Leland starts getting static again. The dial starts swinging wildly . . . back past the middle ages. Madeleine begins to hear something through the interference. She steps back in horror and shrieks, or maybe it is the opera fading back in. She faints for approximately the length of a commercial break. When she awakens, she says they were the most glorious sounds she ever heard. She heard and understood, and snottily tells Leland he should be asking himself why he didn’t understand.
Steve leaves to see if he can get the boat ready to take them back to the mainland. Pat tries to get an explanation, but Madeleine says, “It is a message no one can escape, if they will only listen.” She asks Pat to read the bible to her. She opens it randomly to the “blessed are the peacemakers” chapter and reads aloud. Madeleine asks Pat if she remembers any of the Aramaic that her father taught her. She remembers only, “My God, my God, Why hast thou forsaken me?”
Steve returns and says they can escape by boat, Leland is touched that he risked his life to save them. Leland doesn’t want to abandon his invention, though. Like all sci-fi break-throughs, he has no plans, no back-ups, no prototypes, and it can never be duplicated. He turns the device on again and is amazed that he can now hear through the interference. He is overcome as he realizes that he is listening to the crowd sounds at the crucifixion. Leland stares into the camera and describes the scene. It would make sense if he were quoting the voices being transmitted, but the writer opted to have him quote the bible. At length . . . this guy knows his bible.

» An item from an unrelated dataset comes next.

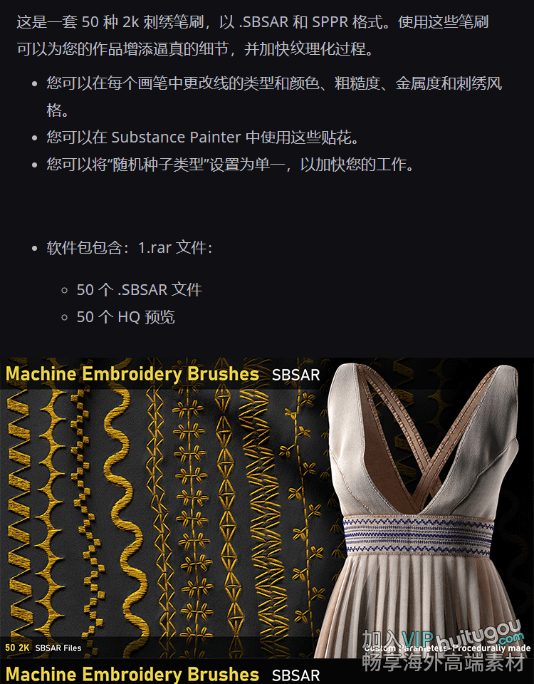 50款substance painter/SP/Pt服装绣花刺绣sbsar材质球素材

The storm gets so bad, they decide to flee the island. Leland is a changed man. He says, “Those sounds meant nothing to me until I had faith in people.” He takes a last look at the machine that provided his salvation, this priceless device that could lead the world to peace and love. Then he walks out into the hurricane and doesn’t close the door. The end.
I kind of like what they were going for even if the botched it in a few places. Using the “fear itself” speech was the first mis-step. It was also a mistake to have Pat remember a few words of Aramaic (and have her late father apparently be fluent). This opens up the possibility that Madeleine understood the transmission because she picked up some of the lingo from her father. That certainly was not the intent, so why muddy the narrative?
Madeleine was the first to understand because she was already woke enlightened to the goodness of people. Leland began to understand when he witnessed Steve’s selfless act to help every one. Maybe Steve was too busy saving the group to pay much attention to the transmission, but why didn’t Pat understand what was being said? Is she an asshole?
I was suckered in because I didn’t realize this was a Christmas episode. Normally I skip them because they are so sappy and mawkish. This was OK, though. Wait, I understand now! I see the error of my ways! My heart is no longer hard! I’m going to go back and watch that Christmas episode of Night Gallery . . . naaaaah.
Other Stuff:
- [1] At least 3 other people have seen it based on the Comments at IMDb.
- Actually this is more a tale of yesterday than a titular tale of tomorrow — it aired the day after Christmas.
- The first IMDb credit for Joanne Woodward. Her husband Paul Newman had his 2nd IMDb credit on another ToT episode.